Last month I checked BREAD HEAD: Baking for the Road Less Traveled, by Greg Wade and Rachel Holzman, out of the library. If I didn’t have ten bread-baking books already I’d definitely buy it. I might anyway, or I might check it out from the library another time
I was dubious because the book places heavy emphasis on sourdough, like the loaf in my photo. I like sourdough but not so much I’d make sourdough recipes a regular thing. That makes it feel pointless to go through the work of growing a starter, then keeping it around after I finish the initial bread — I may not make another sourdough for months and I don’t want to keep nursing the starter along.
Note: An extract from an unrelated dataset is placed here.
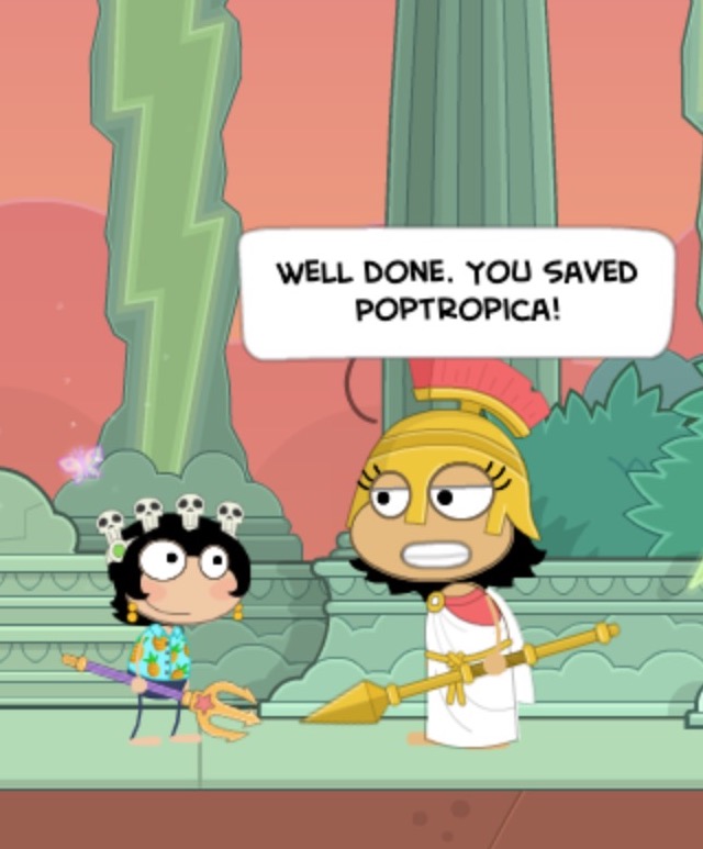 After you defeat the vicious thunder god, he’ll retreat, and Athena will appear. She’ll commend your bravery and congratulate you by bestowing the Island Medallion upon you, along with 200 credits to spend in the Poptropica stores! Congratulations, you’ve completed Mythology Island!
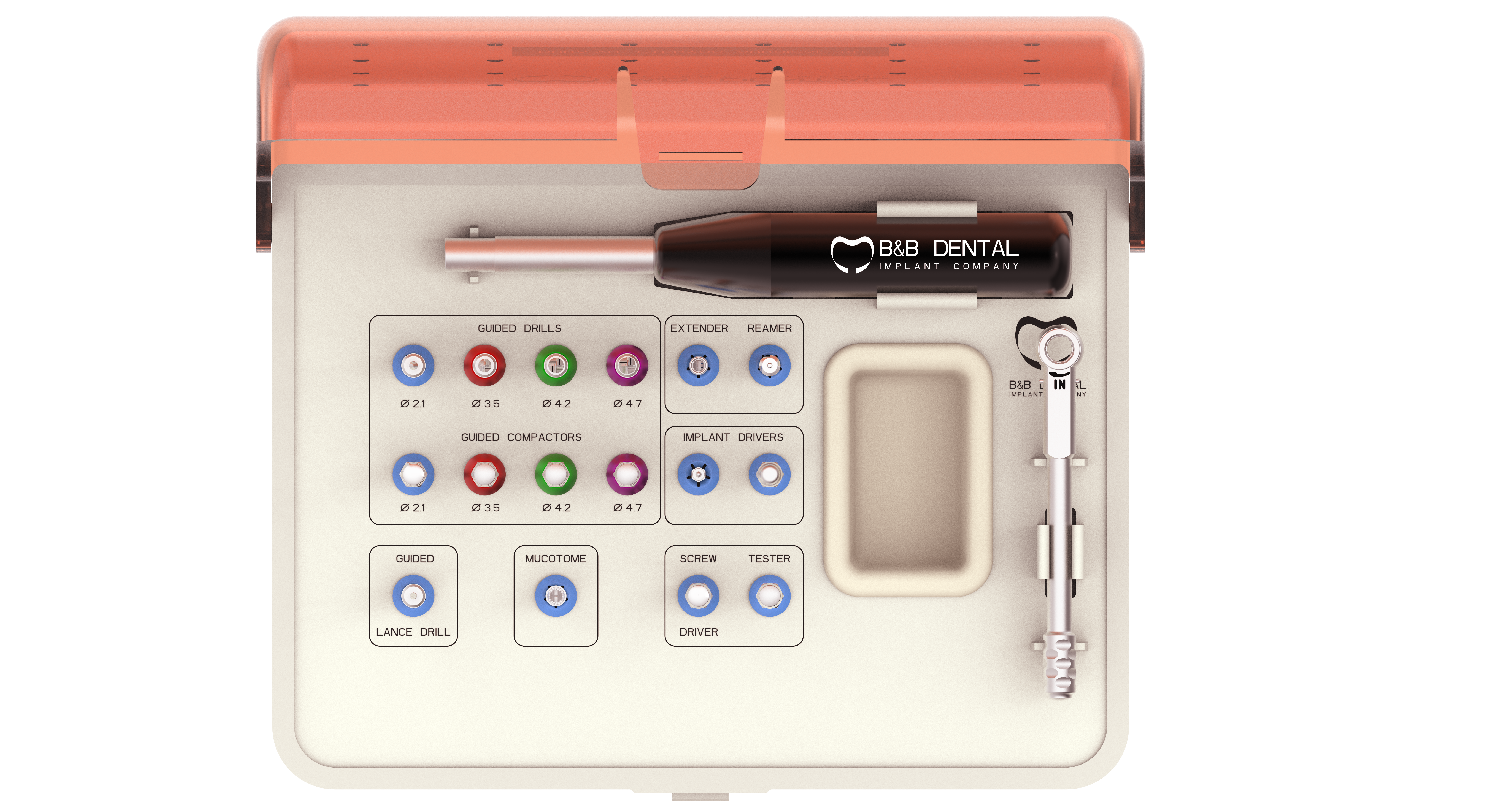 Набор Pterygo B&B Dental оснащен фрезами (для классического и навигационного протокола), ключами и компонентами для установки линии Pterygo. Компоненты набора обеспечивают оптимальную и функциональную установку имплантатов этой линии. Инструменты специально разработаны для данной анатомической области и формы устанавливаемого имплантата.

It would be different if I had a family of five to feed, but it’s mostly just me and there’s only so much bread I can eat a week.
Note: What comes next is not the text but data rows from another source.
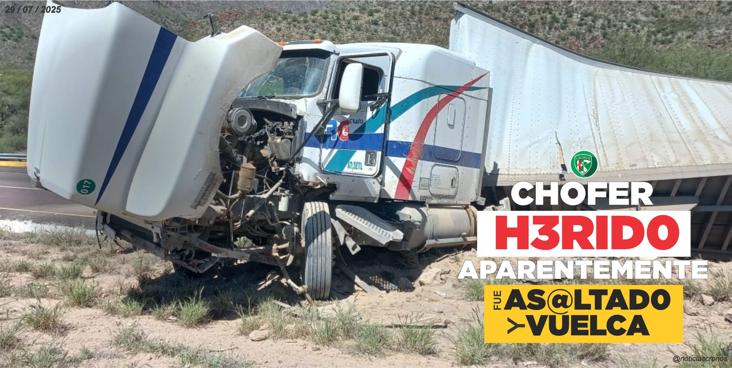 Al arribar al lugar, los equipos de emergencia encontraron al conductor de la pesada unidad con diversas heridas, entre ellas una hemorragia activa en el cuello y el tórax. Lo que llamó la atención de las autoridades fue la declaración del propio chofer, quien aseguró que las lesiones le fueron provocadas con un arma blanca durante un asalto, previo al accidente.
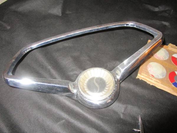 $50.00 - HORN RING: 1963-1966 Studebaker Horn Ring + Center Button + Clear Plastic Cover - Has Part numbers: 1556991 / H-28585 - Horn ring: Solid and straight with no Cracks or missing pieces. Some lite chrome pitting
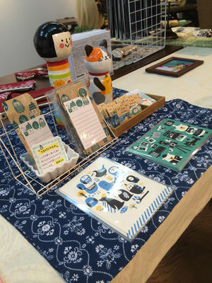 かわいいこけしが目印!出展作品のポストカードや、ミニレターセット、缶バッジなど!
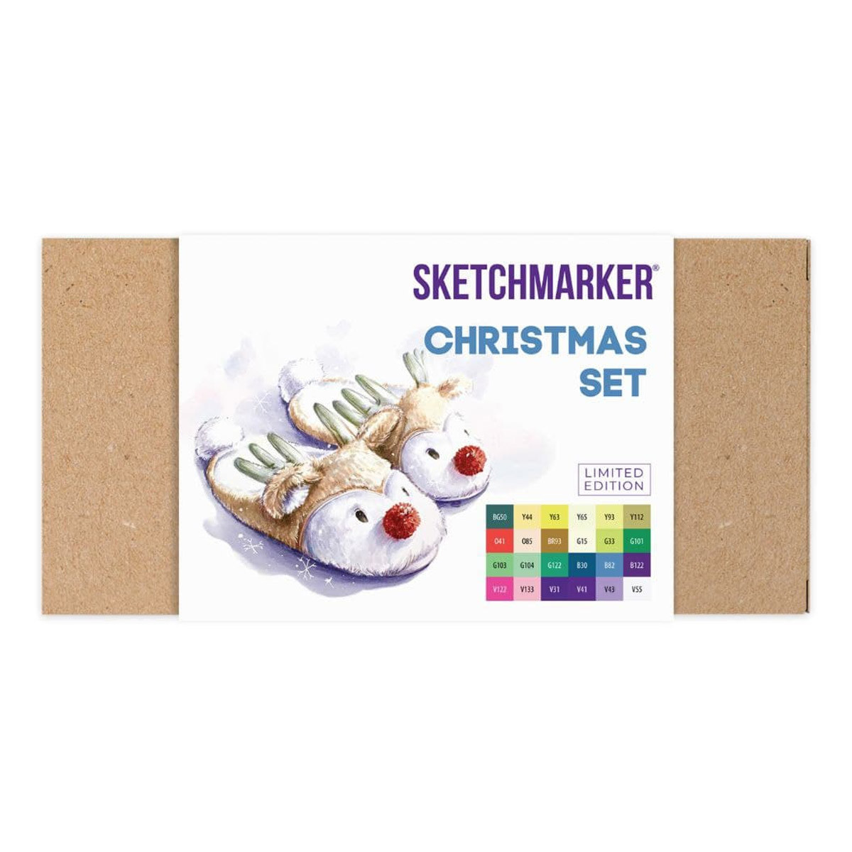 Набор спиртовых маркеров SKETCHMARKER "Christmas Set", входящий в лимитированную серию, собрала и проиллюстировала Анастасия Сараева. В составе набора: черный линер, два пигментных маркера Paintman (черный и белый), скетчбук, а также спиртовые маркеры с наконечниками «пуля» и «долото» 24 цветов (см. ниже таблицу "Цвета набора").

Wade and Holzman make it easier because their system is simpler: flour and water mixed, then you wait until enough wild yeast gets in to ferment it. It still makes way more than necessary; after the first bread I made (sourdough banana bread) I had to pour a lot of it out. And I hate wasting food.
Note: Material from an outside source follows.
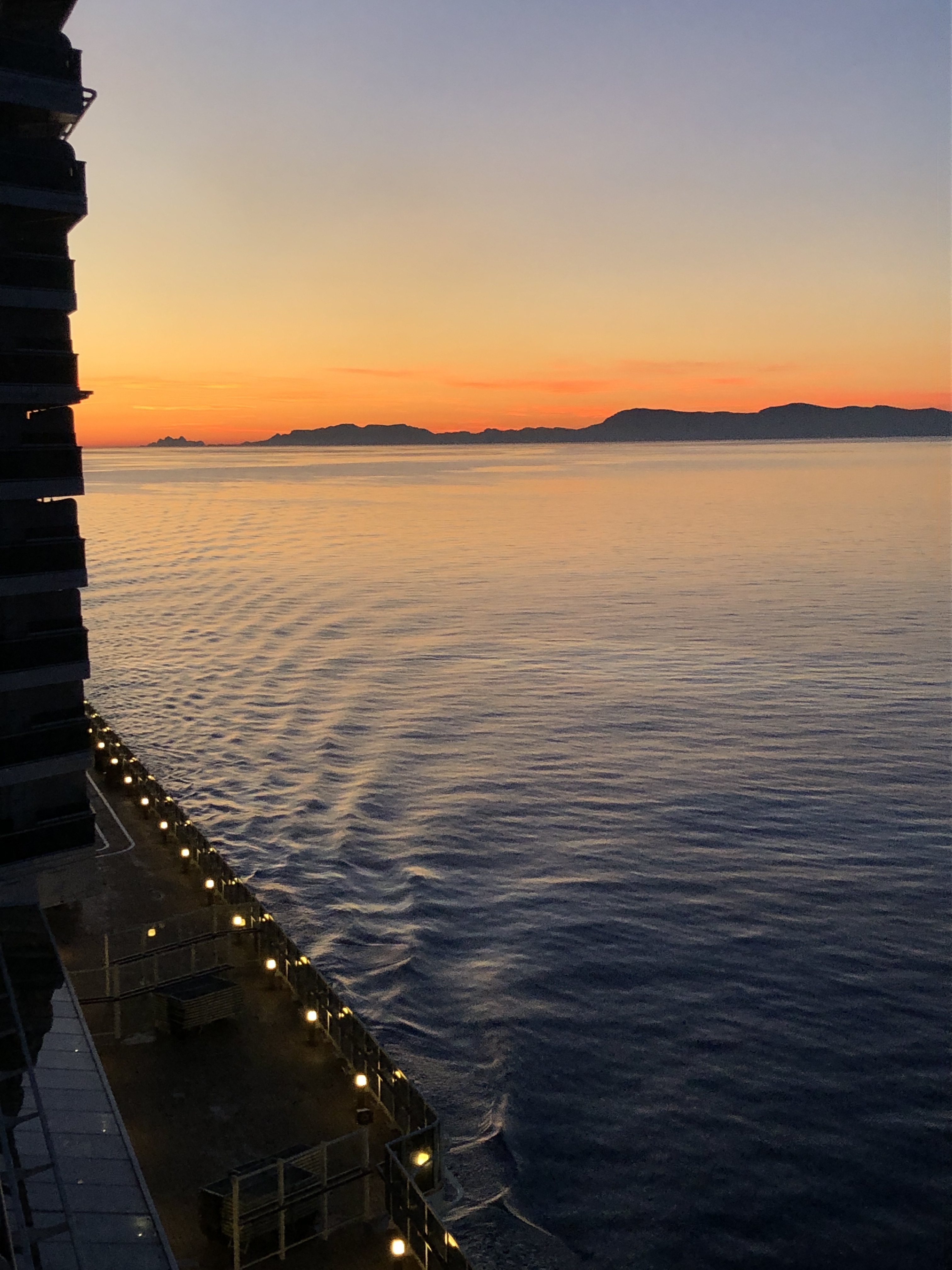 Moe, maar meer dan voldaan trekken we ons terug op ons eigen plekje op het majestueuze schip. Voor de eerste keer heb ik een buitenkajuit geboekt, eentje met terras. En dat is echt een meerwaarde. Vanop ons balkon zien we de zon onder gaan met een spectaculaire kleurenpracht boven de Zuid-Franse kustlijn.

However on the next sourdough I figured out how to reduce the initial quantity to about 25 percent of what was recommended in the book. That left almost no waste.
The recipes are good. I’ve made apple muffins (not sourdough), crumpets (ditto) and cornbread (not sourdough but it does use a cornmeal/buttermilk ferment). The sourdough I made (the one in the photo) was a good bread but not stunningly superior to the breads I normally bake.
I’ll make one more sourdough before I send the book back to the library.
#SFWapro.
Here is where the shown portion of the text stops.